I've been running some test with our renderer using TBB in combination with MPI and the results are pretty poor. For instance running a 8 thread TBB implementation on a single 8 core machine outperforms handily a MPI/TBB setup with 2 machines with 8 cores/threads as slaves and 1 machine as master. Has anyone done this? Should the MPI communication run in a separate thread? Any advise is welcome.
Use MPI to "shotgun" the work to your 2 machines, then within each MPI process (receiving the load) run your TBB thread pool to do the work. If you can setup the app to have the MPI slave node(s) (if that is the correct word for it) wait in a listening loop for a message, then you can initialize the TBB thread pool once (outside the message loop).

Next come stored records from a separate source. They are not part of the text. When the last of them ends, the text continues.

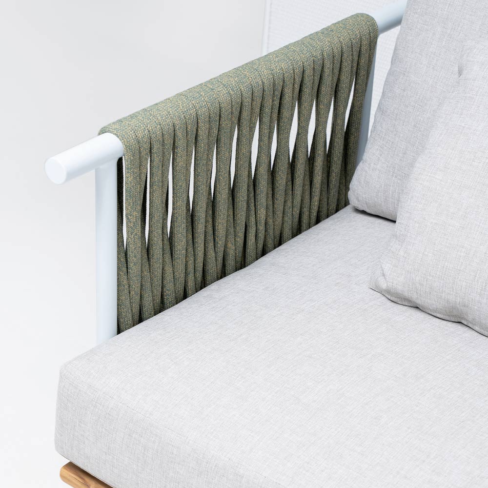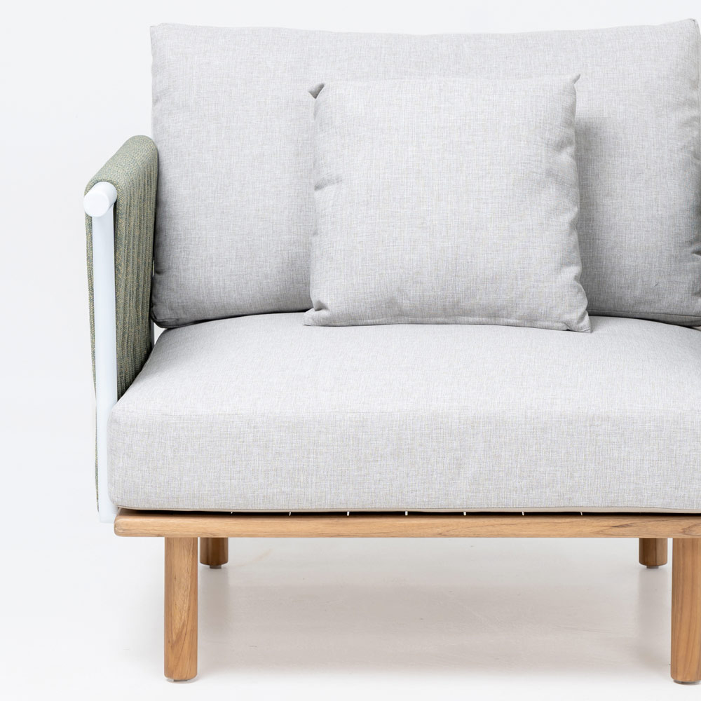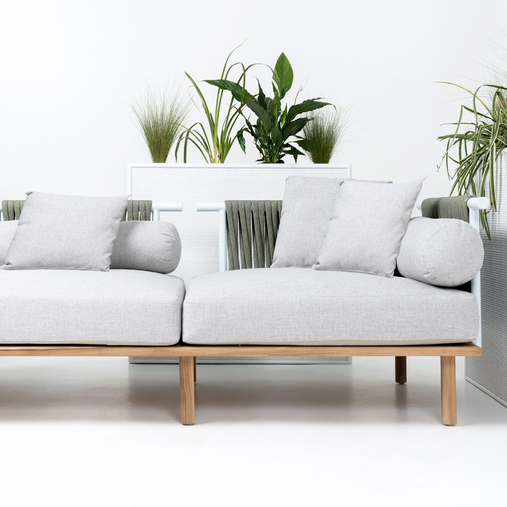 Sofá de exterior fabricado con 2 estructuras de teca y 4 cojines de asiento en tejido de olefina gris claro , 4 respaldos desenfundables en aluminio y tejido en Olefina/PP ROPE con acabado desert mix .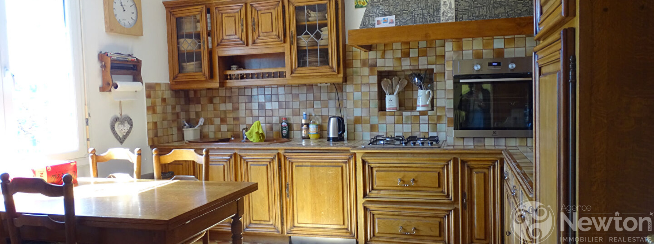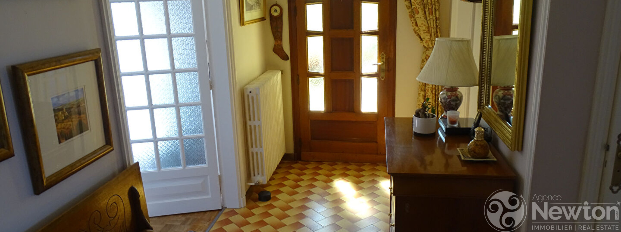 Cette imposante maison propose de généreux espaces de vie répartis sur trois niveaux, un jardin clos et une dépendance.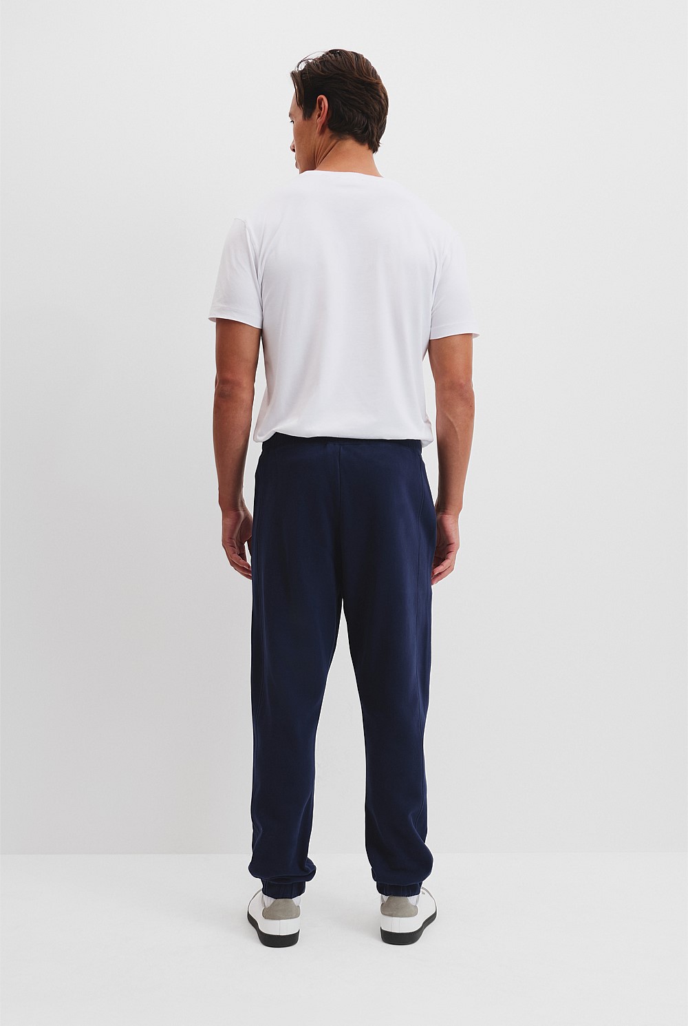 An everyday staple made using brushed Australian cotton for a soft hand feel. Cut in a tapered fit, it has angled side pockets, an elasticated waistband and leg cuff and subtle logo detailing.
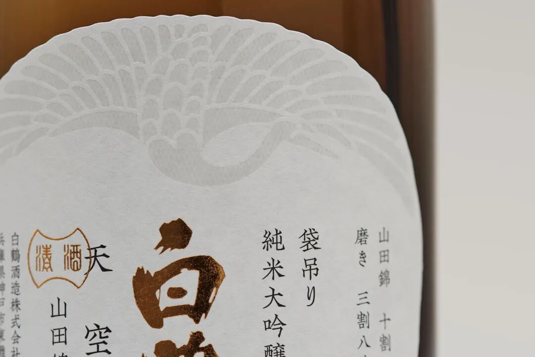 在酒标的制作工艺上面,白鹤采用了类似水印的效果,仔细看上面布满了细密的网纹,这是一种复杂的日本传统制纸技术。还记得之前介绍过的“越乃寒梅”纪念款么?这种在酒标上面大动干戈的做法,除了体现酒的高端定位之外,同时兼具防伪功能。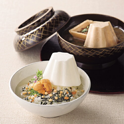 鯛を使用した本格的な和風だし茶漬けを、最中の中に閉じ込めた創作ギフトセットです。鯛茶漬けと梅入り鯛茶漬けの2種類(計6食)が入っており、見た目の華やかさと縁起の良さが両立した逸品です。インスタントで手軽に本格的な味を楽しめる点は、年配の方にも好まれやすく、ご両家顔合わせの場でも好印象を残せます。
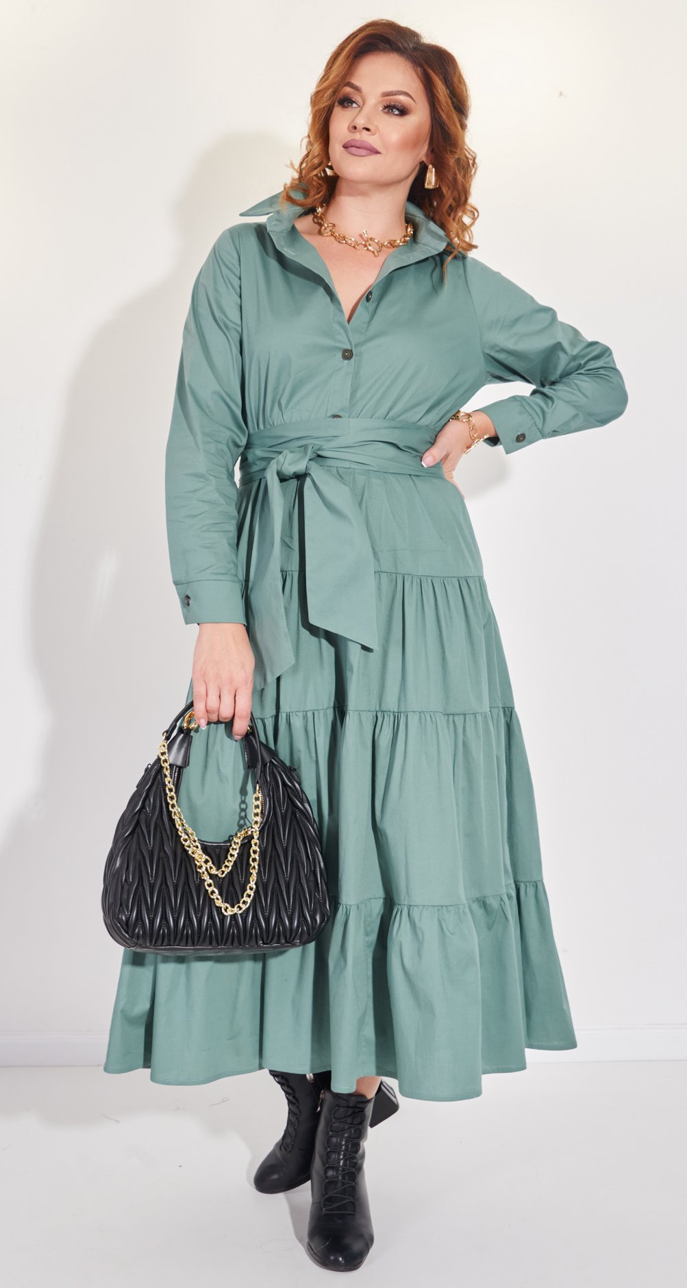 Каталог - Платья - Платья больших размеров - Коттоновое платье с оборками

Who calls whom? MPI at the top should be fine, but TBB assumes that tasks are always doing something useful, and so any waiting should be done in a separate thread.
Thanks, I realized after sending in my post that any MPI communication must go in a separate thread. The new task::enqueue seems to be able to do the job. I presume sub tasks spawned by an enqueued task won't end up in the original enqueing thread. One question though: It probably still means I'm out one thread which will be mostly waiting for MPI messages, so should I ask for 1 thread more than what tbb would give me by default?
"The new task::enqueue seems to be able to do the job. I presume sub tasks spawned by an enqueued task won't end up in the original enqueing thread." Enqueued tasks are executed along with spawned tasks by normal worker threads, possibly in parallel with any number of other enqueued tasks or their descendants (there may be only a single queue, but each worker thread considers it, even in preference to stealing from another worker thread), and without prejudice against the worker thread that originally enqueued the task, so you may want to revise your assumptions here. I would still recommend tbb_thread (or your choice of API) to perform work that may incur significant delays.